The conceit that developed nations should graft their governing cultures and values onto developing ones went out with France’s mission civilisatrice and even that did not succeed much beyond cuisine. In allowing our political and economic systems to become corrupt and dissolute, our soft power has gone flabby and our hard power has become omnipresent, the source of a geopolitical welfare state. Washington should devolve the responsibilities of its security commitments in Europe and East Asia to its allies there. That means withdrawing combat divisions from abroad and reintegrating them with their units back home. It should invest heavily in its stateside training facilities such as the Marines’ Air Ground Combat Center at Twenty-Nine Palms (with accommodations for accompanied tours), and it should engage in regular transpacific exercises in support of its allies in Asia.
Washington must also know that China, as the world’s second-largest economy with three millennia of history as a regional power, will seek to impose its own Monroe Doctrine in Asia and it must acknowledge its limits in opposing this. Attempts to “contain” China would result in a decidedly asymmetrical contest that would exhaust America’s already depleted accounts but which Beijing could sustain at relatively low cost to itself. To preempt such a conflict, the White House should appoint a multi-agency negotiating team to resolve the thicket of competing maritime claims in the West Pacific and East Asia that make the region a tinderbox for conflict.
Domestically, the White House should accommodate the State Department’s request for several thousand new Foreign Service Officers in relief of a diplomatic core that is under-funded and overwhelmed. The number of its diplomats and support staff is only ten percent greater than what it was a quarter century ago, when there were twenty-four fewer countries in the world and U.S. interests were concentrated in Europe and Northeast Asia. At any one time, a third of U.S.-based Foreign Service jobs are vacant, twelve percent of its overseas positions are unmanned, and its ratio of unaccompanied tours has risen to a fifth of the total. Foreign language proficiency, a core competency of the service, has languished due to funding gaps.

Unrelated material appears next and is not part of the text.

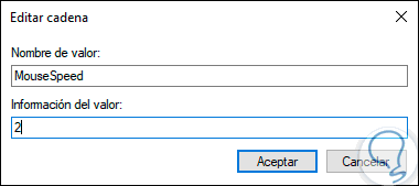 Allí ubicamos el valor “MouseSpeed”, damos doble clic sobre él y en el campo “Información del valor” establecer el numero 2. Pulsamos en Aceptar para guardar los cambios.
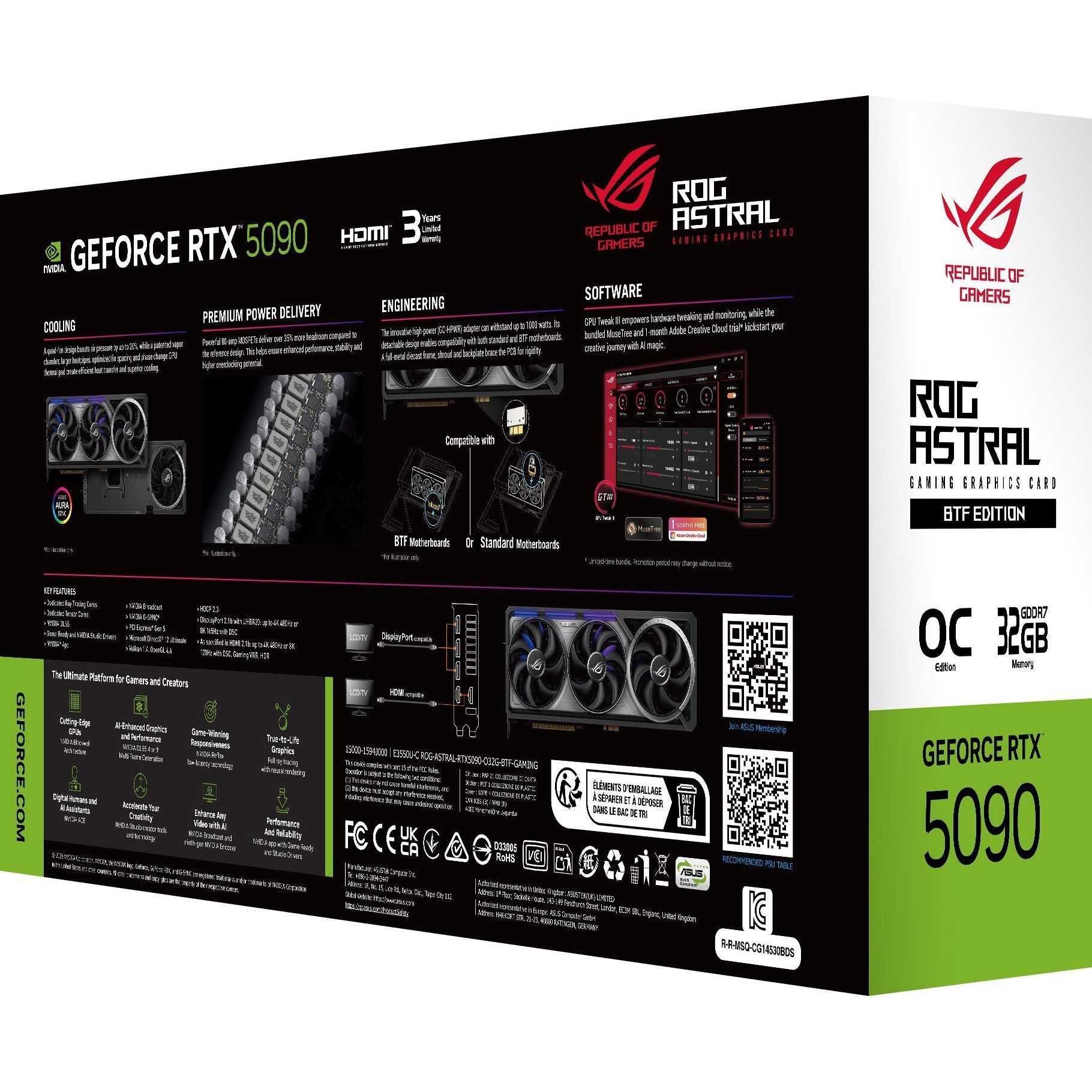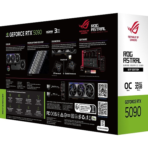 Відеокарта Asus ROG Astral GeForce RTX 5090 32GB OC BTF Edition створена для екстремальної продуктивності та максимальної адаптивності. Завдяки інноваційній технології BTF вона оснащена знімним адаптером живлення GC-HPWR, здатним витримувати до 1000 Вт, що дозволяє використовувати її як з традиційними материнськими платами, так і з сучасними BTF-платами. Система охолодження включає запатентовану випарну камеру, термопрокладку з фазовим переходом і збільшену щільність ребер радіатора. Чотири вентилятори створюють спрямований потік повітря, підтримуючи стабільні температури навіть при пікових навантаженнях. Така конструкція гарантує максимальну тактову частоту і бездоганну стабільність в найвимогливіших ігрових сценаріях.

Salaries have been slashed, and stingy retirement benefits have undercut retentions rates.
At the same time, the State Department and USAID should undergo its own Goldwater-Nichols-like reformation, the touchstone of which would be the creation of diplomatic fiefs symmetrical with the Pentagon’s overseas combatant commands. Until the State Department’s senior-most officials have regional representation and authority on par with their four-star counterparts, interagency cooperation will remain illusory and the State Department will continue to be marginalized in the foreign policy-making process.
Finally, as it considers the geopolitical shift from a unipolar to multipolar world, the White House should solicit and respect the analyses of its area experts unimpeded by political pressures from Capitol Hill. When the opinions of veteran diplomats and seasoned intelligence officers must compete with those in the petty echo-chambers of Washington, it creates space for the kind of ruinous expeditions that have all but replaced statesmanship at the mantle of American leadership.